The queen in your photo has a nice shiny hairless thorax so looks like the old queen.
Let us know how you get on.


----------



## Daniel SGa (Feb 8, 2015)

If that is a 10 frame brood box, I would put the tenth frame in there to get the bee space right before burr comb is on the sides. Looks like a good strong hive that could be drawing out plenty foundation right now.
Daniel


----------



## dharmaworker (Jul 2, 2015)

Update ::: I made the split two Saturdays ago and checked on the nuc which had the queen. She isn't laying and the hive has been robbed and I found no larve or eggs. Some capped brood but looks like they're dead. Some half emerged. I'm wondering if that is a virgin queen in there. If so, wouldn't she have mated already?


----------



## dharmaworker (Jul 2, 2015)

Also, maybe 1-2 frames at best of bees. They will not be lasting long. Any quick ideas to at least save the queen or help her lay?

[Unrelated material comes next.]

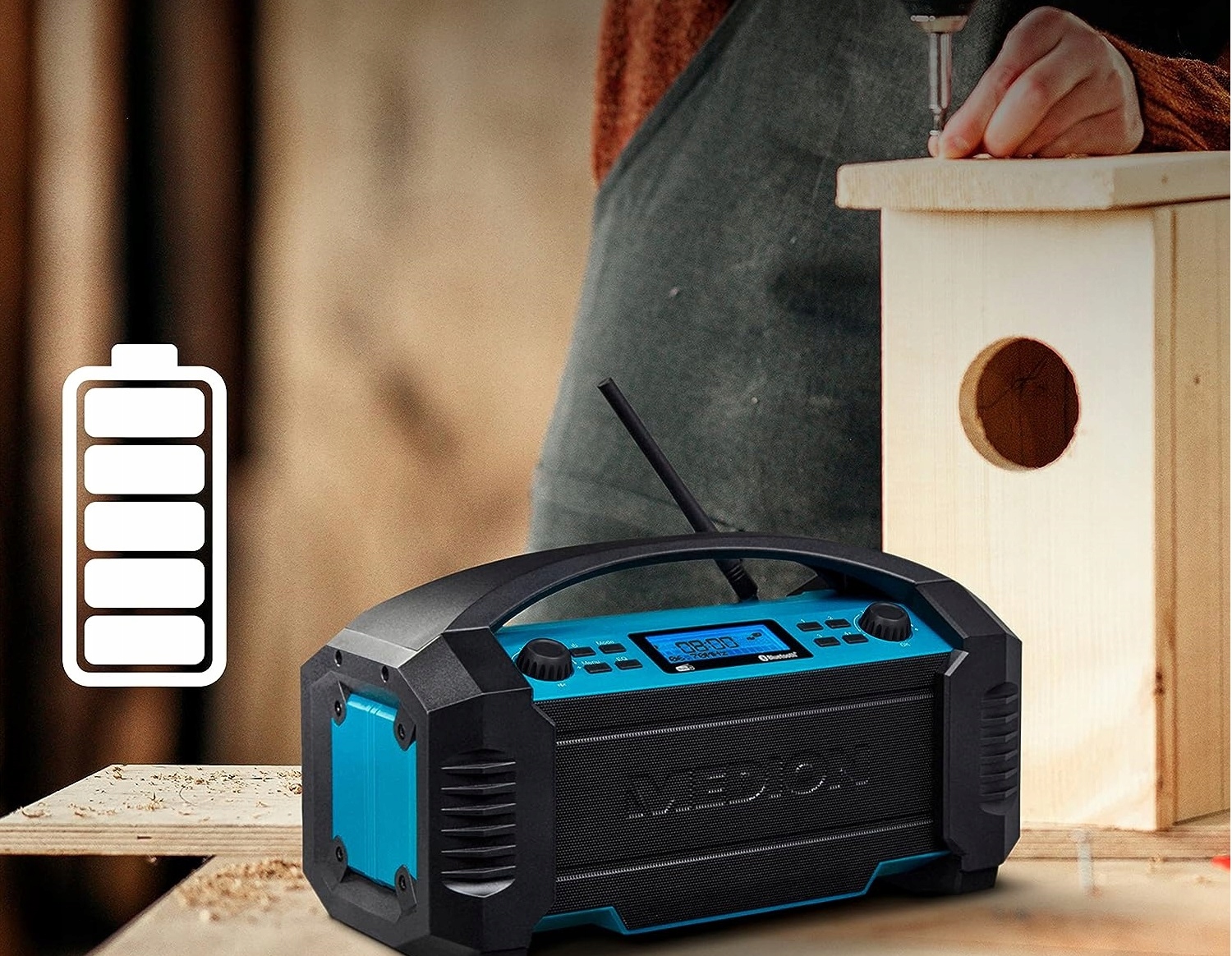 Radio budowlane MEDION® MD43320 doskonale nadaje się do użytku poza domem. Czy to na budowie, w ogrodzie, czy na biwaku – urządzenie jest idealne do każdego zastosowania! Dzięki silnej ochronie IP54 przed rozpryskami wody i kurzem, głośnik jest przystosowany do pracy w trudnych warunkach.

The parent hive is still booming.


----------



## ericweller (Jan 10, 2013)

dharmaworker said:


> Also, maybe 1-2 frames at best of bees. They will not be lasting long. Any quick ideas to at least save the queen or help her lay?
> 
> The parent hive is still booming.


Add a frame of eggs and see what the bees do with it. If they don't make a QC, give her a week to see what happens. If she doesn't start laying, get a new queen or pinch her and combine with the old hive.


----------